Précurseur sur la "question noire" aux États-Unis, comme le dit la quatrième de couverture, ce livre l'est peut-être : je ne suis pas assez calé sur ce qui a pu être écrit avant ou à la même période sur ce sujet.
Ce qui est certain en tout cas c'est que ladite période, à savoir l'année 1943, nous donne à observer les relations entre Noirs et Blancs dans un contexte très particulier : celui d'un pays en guerre qui doit pourtant continuer à faire fonctionner son industrie et notamment dans les domaines de l'armement et de la construction navale. Ainsi, une fois les jeunes hommes (de toutes couleurs) envoyés sur les champs de bataille, il n'y a pas d'autre solution que de rassembler dans les mêmes usines ou sur les mêmes chantiers, considérés comme prioritaires, des populations qui, en temps normal, ne se mélangent pas. Remarques blessantes, coups bas, vexations persistent néanmoins malgré cette apparente prise de conscience qu'un Noir vaut bien un Blanc... les outils à la main. de toute façon, en dehors du lieu de travail, la ségrégation existe toujours ; restaurants, cinémas, quartiers d'habitation ne sont pas mixtes.

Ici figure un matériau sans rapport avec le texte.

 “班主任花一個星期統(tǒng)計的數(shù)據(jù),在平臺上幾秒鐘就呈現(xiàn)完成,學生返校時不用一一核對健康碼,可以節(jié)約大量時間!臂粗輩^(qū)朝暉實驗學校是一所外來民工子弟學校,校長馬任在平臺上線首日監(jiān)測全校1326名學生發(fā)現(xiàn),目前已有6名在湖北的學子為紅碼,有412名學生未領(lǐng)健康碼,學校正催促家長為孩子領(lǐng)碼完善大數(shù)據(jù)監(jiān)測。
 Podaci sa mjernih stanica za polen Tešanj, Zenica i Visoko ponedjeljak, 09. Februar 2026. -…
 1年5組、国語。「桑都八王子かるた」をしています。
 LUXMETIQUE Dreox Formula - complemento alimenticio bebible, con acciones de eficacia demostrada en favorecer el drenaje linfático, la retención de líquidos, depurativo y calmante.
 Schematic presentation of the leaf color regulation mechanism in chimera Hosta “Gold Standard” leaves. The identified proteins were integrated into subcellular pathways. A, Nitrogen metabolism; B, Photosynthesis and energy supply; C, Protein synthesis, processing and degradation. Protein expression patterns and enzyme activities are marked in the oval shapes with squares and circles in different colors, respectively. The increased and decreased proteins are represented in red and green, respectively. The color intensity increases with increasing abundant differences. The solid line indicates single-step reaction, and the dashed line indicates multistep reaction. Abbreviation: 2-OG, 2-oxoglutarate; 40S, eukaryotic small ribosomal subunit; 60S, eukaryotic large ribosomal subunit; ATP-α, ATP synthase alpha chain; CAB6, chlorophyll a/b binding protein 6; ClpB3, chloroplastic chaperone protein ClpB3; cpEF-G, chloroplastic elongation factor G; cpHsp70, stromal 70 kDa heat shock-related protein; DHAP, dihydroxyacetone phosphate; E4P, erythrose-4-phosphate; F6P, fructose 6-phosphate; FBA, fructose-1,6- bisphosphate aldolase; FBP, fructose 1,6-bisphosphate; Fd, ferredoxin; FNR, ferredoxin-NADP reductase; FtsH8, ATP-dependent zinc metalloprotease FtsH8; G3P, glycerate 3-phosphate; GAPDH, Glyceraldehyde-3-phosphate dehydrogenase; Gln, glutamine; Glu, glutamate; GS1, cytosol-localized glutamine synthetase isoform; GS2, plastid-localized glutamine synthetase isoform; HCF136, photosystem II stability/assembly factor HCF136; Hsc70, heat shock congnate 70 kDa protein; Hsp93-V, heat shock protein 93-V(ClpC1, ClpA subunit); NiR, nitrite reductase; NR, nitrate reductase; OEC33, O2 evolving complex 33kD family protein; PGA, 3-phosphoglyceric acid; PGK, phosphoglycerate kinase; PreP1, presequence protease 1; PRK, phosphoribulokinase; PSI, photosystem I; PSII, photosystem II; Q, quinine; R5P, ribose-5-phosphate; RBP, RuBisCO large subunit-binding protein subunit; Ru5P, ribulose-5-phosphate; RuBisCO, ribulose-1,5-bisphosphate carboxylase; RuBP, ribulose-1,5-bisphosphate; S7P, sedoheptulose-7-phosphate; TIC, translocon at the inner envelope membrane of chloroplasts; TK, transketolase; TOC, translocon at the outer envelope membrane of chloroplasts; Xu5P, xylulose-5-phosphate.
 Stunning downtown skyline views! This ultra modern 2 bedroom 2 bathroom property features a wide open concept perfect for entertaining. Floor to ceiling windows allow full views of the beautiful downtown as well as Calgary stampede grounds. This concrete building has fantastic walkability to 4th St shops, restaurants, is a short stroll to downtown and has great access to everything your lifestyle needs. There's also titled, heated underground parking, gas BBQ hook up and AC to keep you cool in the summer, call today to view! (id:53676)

La "question noire" est donc le fil conducteur de ce roman, c'est certain. Et les péripéties qui s'enchaînent sur cet axe le confirment, puisque l'on suit Bob, un jeune ouvrier noir, qui veut faire sa place, être respecté, mais s'en prend plein la figure et rêve donc de vengeance... et d'amour.
Pourtant, ce même contexte du temps de guerre nous donne à observer d'autres relations que celles qui opposent les hommes noirs et les hommes blancs : les relations avec les femmes. Car le besoin de main d'oeuvre modifie aussi leur place : habituellement considérées comme quantité négligeable, elles apparaissent subitement comme des êtres munis de 2 mains, capables de tenir un tournevis, une clé anglaise ou un poste à souder (pour rappel : à la maison, les femmes n'ont pas besoin de leurs mains : il leur suffit de siffloter et le travail se fait tout seul).

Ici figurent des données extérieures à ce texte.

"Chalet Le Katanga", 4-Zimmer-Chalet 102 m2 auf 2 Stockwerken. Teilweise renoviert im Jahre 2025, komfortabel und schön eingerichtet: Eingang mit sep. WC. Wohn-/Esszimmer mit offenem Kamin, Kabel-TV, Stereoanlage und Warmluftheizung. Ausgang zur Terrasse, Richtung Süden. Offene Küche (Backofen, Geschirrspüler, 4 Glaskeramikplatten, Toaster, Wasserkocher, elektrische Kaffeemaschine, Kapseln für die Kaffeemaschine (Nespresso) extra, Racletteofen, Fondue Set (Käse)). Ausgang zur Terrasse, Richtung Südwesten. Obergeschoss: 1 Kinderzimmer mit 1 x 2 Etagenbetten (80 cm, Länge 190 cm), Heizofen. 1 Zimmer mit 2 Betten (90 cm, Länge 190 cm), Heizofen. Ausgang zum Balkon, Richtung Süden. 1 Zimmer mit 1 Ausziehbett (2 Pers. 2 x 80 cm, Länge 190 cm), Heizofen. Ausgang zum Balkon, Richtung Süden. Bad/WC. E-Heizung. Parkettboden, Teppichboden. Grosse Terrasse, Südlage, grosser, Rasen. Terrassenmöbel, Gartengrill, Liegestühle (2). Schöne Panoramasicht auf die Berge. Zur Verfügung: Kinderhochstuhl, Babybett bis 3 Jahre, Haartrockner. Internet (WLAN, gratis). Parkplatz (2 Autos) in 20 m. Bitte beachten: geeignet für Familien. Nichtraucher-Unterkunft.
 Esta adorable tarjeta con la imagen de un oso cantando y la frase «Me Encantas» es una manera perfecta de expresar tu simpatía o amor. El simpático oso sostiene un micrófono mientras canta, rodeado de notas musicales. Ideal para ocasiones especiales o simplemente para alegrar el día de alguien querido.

Il apparaît alors bien vite que l'opposition blanc/noir et l'opposition homme/femme prennent autant de place l'une que l'autre dans ce livre, voire se combinent pour créer le noeud central de l'intrigue.

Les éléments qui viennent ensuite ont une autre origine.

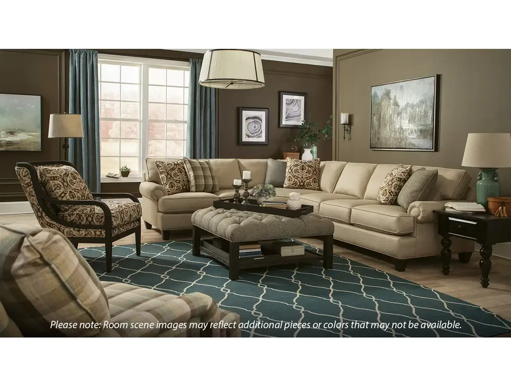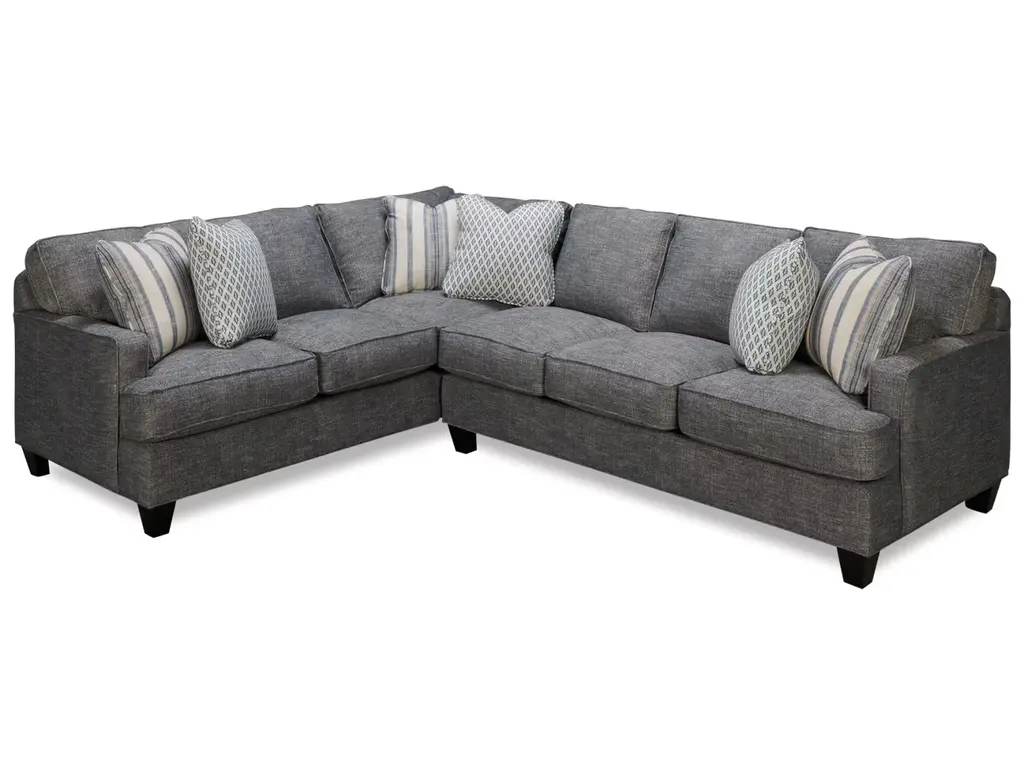Add coastal flair to your living room with the Craftmaster Furniture Design Series 2 Piece Sectional. This grey sectional is a classic silhouette that features welt trim, track arms, and tapered square legs. Six coordinating toss pillows bring added style and comfort. Other configurations and custom-order fabrics are available.
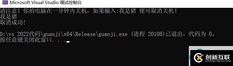printf("請注意!你的電腦在一分鐘內關機,如果輸入:我是豬 便可取消關機!\n");
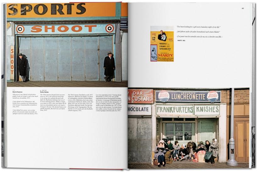 Features hundreds of iconic images, sourced from dozens of archives and private collections — many never before published — and the work of over 150 celebrated photographers, including: Victor Prevost, Jacob Riis, Lewis Hine, Alfred Stieglitz, Paul Strand, Berenice Abbott, Walker Evans, Weegee, Margaret Bourke-White, Saul Leiter, Esther Bubley, Arnold Newman, William Claxton, Ralph Gibson, Ryan McGinley, Mitch Epstein, Steve Schapiro, Marvin Newman, Allen Ginsberg, Joel Meyerowitz, Andreas Feininger, Charles Cushman, Joseph Rodriguez, Garry Winogrand, Larry Fink, Jamel Shabazz, Allan Tannenbaum, Bruce Davidson, Helen Levitt, Eugene de Salignac, Ruth Orkin, Joel Sternfeld, Keizo Kitajima, and many many more.
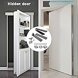 Package Included - Hidden door hinge set included 1 set of pivot hinge with 24 screws, measureing 5.8 x 1.2 inch, plate thickness 0.24 inch; 1 pcs door ball catch hardware with 4 screws. Hidden hinges for secret door, which an indispensable accessory in home life. Sturdy & Long-lasting - Heavy duty pivot door hardware is made of thickened stainless steel, rustproof and corrosion resistant, strong load-bearing capacity, pivot hinge hardware a maximum of 300 lbs, with fine workmanship and the service life is longer. High Load-Bearing 300lbs - Hidden door hinge bookcase has a unique design structure of up and down linkage, which is supported by the bottom arm and floor, reducing stress on frame. The murphy door bookcase has greater strength and stability to support up to 136kg/300lbs of weight. Easy To Install- By following the steps, the invisible hinge hardware can be easily installed on the top layer of the door and connected to the hole on surface of the door, then fix the door ball and screw. Widely Application - Use the hidden door hinge to add a touch of mystery and elegance to your space. You can create a hidden door that rotates 360 degrees. The murphy door hinge kit is ideal for secret bookcase door, cabinet door, panel door and more.
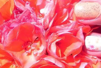 2.Las flores…siempre inspiran Una vez allí, resulta que había un porche y un jardín preciosos donde encontrar campanillas, rosas y esas sencillas flores de geranio tan típicas de los balcones andaluces y tan bonitas ellas en sus múltiples tonos. ¿Cómo escapar a una manicura floral? No fue una, sino dos las que hice. En primer lugar tenéis ésta, en tonos más anaranjados gracias a al esmalte melocotón/coral suave de Kiko (tono 358 ) que predomina en todas las uñas salvo la anular, en la que tenemos de nuevo el Peach Neglicé de L’oreal.

De ce fait, parler de "question noire"en évacuant la misogynie du narrateur, c'est franchement réducteur. D'autant que notre Bob est un expert en la matière : queutard invétéré mais violemment possessif avec sa fiancée, il envisage aussi sans sourciller le viol d'une ouvrière blanche de son chantier comme technique de vengeance à l'encontre de tous les Blancs.
À la limite, un tel profil peut être utilisé dans un roman, si l'idée de l'auteur est de dénoncer ce genre d'attitude (mais le voulait-il?) et on peut
même se dire que Chester Himes a délibérément forcé le trait pour montrer qu'il existe des connards de toutes les couleurs. Car son Bob, méprisant et violent avec les femmes, amoureux de sa bagnole et de la bibine, crache en réalité sur tout le monde : ses employeurs, ses "amis", les syndicalistes, ses futurs beaux-parents...
Si dépeindre un protagoniste antipathique est un défi littéraire comme un autre, je trouve que ça dessert un peu le propos ici. Les regards torves et les entourloupes des Blancs contre Bob sont bien réels et révoltants, mais s'effacent un peu derrière sa violence et sa haine universelles (y compris envers les blancs qui l'aident et une jeune fille noire qui l'aime... alors que lui-même semble n'aimer que sa Buick). Il finit juste par ressembler à un beauf bas du front à fuir à tout prix.
Cela dit, bien plus ennuyeuse, voire carrément rasoir, est la succession de revirements de Bob et de quelques autres personnages au fil des pages, parfois spontanés et inexpliqués, parfois suscités par des hasards ridicules. On passe ainsi sans arrêt d'un extrême à l'autre, d'une décision à son exact opposé, de la haine violente à l'amourette cul-cul-la-praline, sans parler des demi-tours incessants dans la ville à bord de la belle Buick, pour finalement aboutir à un dénouement attendu depuis 300 pages... pour un livre qui en compte 308.
En résumé, le seul intérêt de ce roman est son contexte historique, à savoir la guerre et la ségregation... et la misogynie élevée au rang de discipline olympique, mais sûrement pas ses péripéties ni ses personnages.